Measuring a Successful Campaign
If you’re reading this, you’ve likely either attracted a few brand collabs in the past, or you’re interested in getting started in the influencer marketing industry. I believe that in order to show up professionally and to do an amazing job, you need to look into how a brand might define a successful influencer campaign. To which Eric shares, “it depends on the brand and how they measure success. Some brands are very conversion-focused, which I think truthfully, is great. But also does it capture the full value of what an influencer does?”

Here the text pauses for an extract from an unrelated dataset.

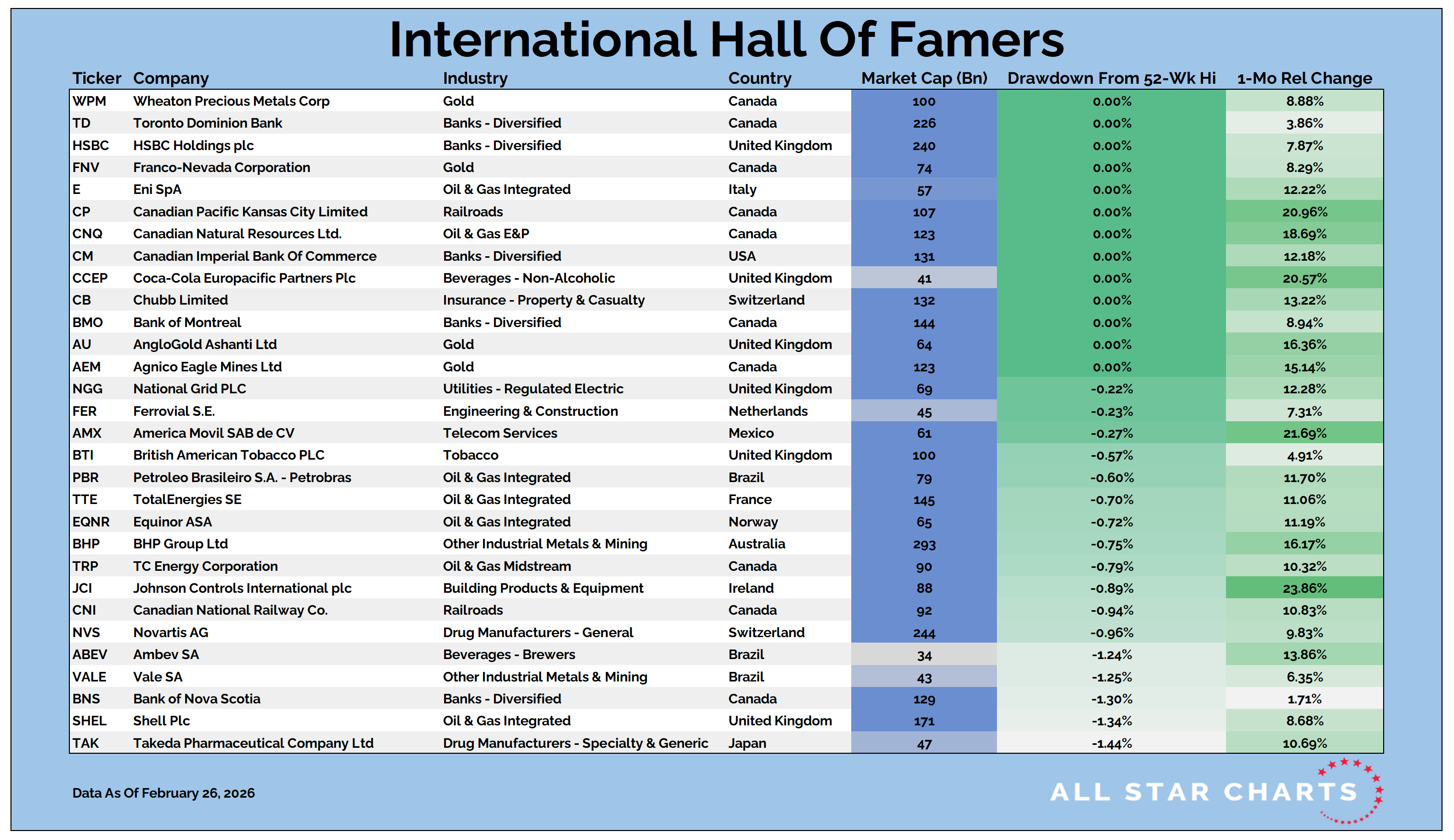 Our International Hall of Famers list is composed of the 100 largest US-listed international stocks, or ADRs.

Influencer marketing is very different from traditional ads. What an influencer does when they collaborate with a brand is position that brand and establish a link of trust with their audience. Eric shares that what a lot of brands are currently doing is using your regular engagement rate as a litmus test for how interested your audience is from a brand awareness standpoint. They want to know if your audience cares and if your sponsored content is under or overperforming compared to your normal engagement rate. “So my word of advice to influencers,” Eric says, “is really focusing on creating the best content you can. Because sponsored content, on average, tends to underperform your regular content as an influencer.”
Trends, Growth, and the Future of the Influencer Marketing Industry
Eric shares a ton of expert insight into the influencer marketing industry in this episode. But one thing I had to pick his brain on was what he predicts in terms of trends, growth, and the future of the influencer marketing industry. Eric predicts that we’re going to see more influencers in more places. This has proven to be true with the emergence of new platforms like TikTok and Clubhouse. “There’s going to be social media influencers wherever people create.” He also makes a great point about how streaming platforms like Netflix and Hulu are becoming more social with co-watching features, “so I think it’s only a matter of time before we see influencers there.”

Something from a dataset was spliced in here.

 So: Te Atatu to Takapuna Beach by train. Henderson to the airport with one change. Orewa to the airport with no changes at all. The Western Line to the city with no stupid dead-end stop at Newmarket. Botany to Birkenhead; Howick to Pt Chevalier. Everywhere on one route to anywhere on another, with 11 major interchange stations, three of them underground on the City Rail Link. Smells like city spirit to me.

Another huge trend Eric predicts is the ability of influencers to generate more direct sales on the social commerce side. You can start seeing glimpses of this with Amazon’s influencer program, Facebook Instagram shops, and TikTok and Shopify’s partnership. This is something that is currently huge in China, which Eric believes is ahead of the US in this department.
Eric also believes that in the future, these platforms will help influencers to monetize their content more directly. This means influencers will not have to rely solely on brands deals to earn their income. “From an influencer’s perspective, this is a big value proposition. It’s very interesting to say, ‘I’m not going to only be reliant on brand deals for my income, I’m going to start monetizing my content more directly,’ whether that be through a subscription, whether that be one-off. And I do strongly believe that’s the future we saw with a lot of online courses.”
The Ins-and-Outs of the Influencer Marketing Industry
Knowing how the influencer marketing industry works is key to attracting brand collabs and your success as an influencer. And what better way to learn than to hear from someone who has expert knowledge of working with both brands and influencers behind the scenes? Eric is a wealth of knowledge and this episode is a must-listen for any influencer or anyone who hopes to become one. Plus, if you haven’t taken the first step to start your influencer career, Eric has some advice for you. While you might think that the influencer marketing industry is overly saturated, Eric couldn’t disagree more. In fact, he believes that this is just the beginning of a booming and blossoming industry.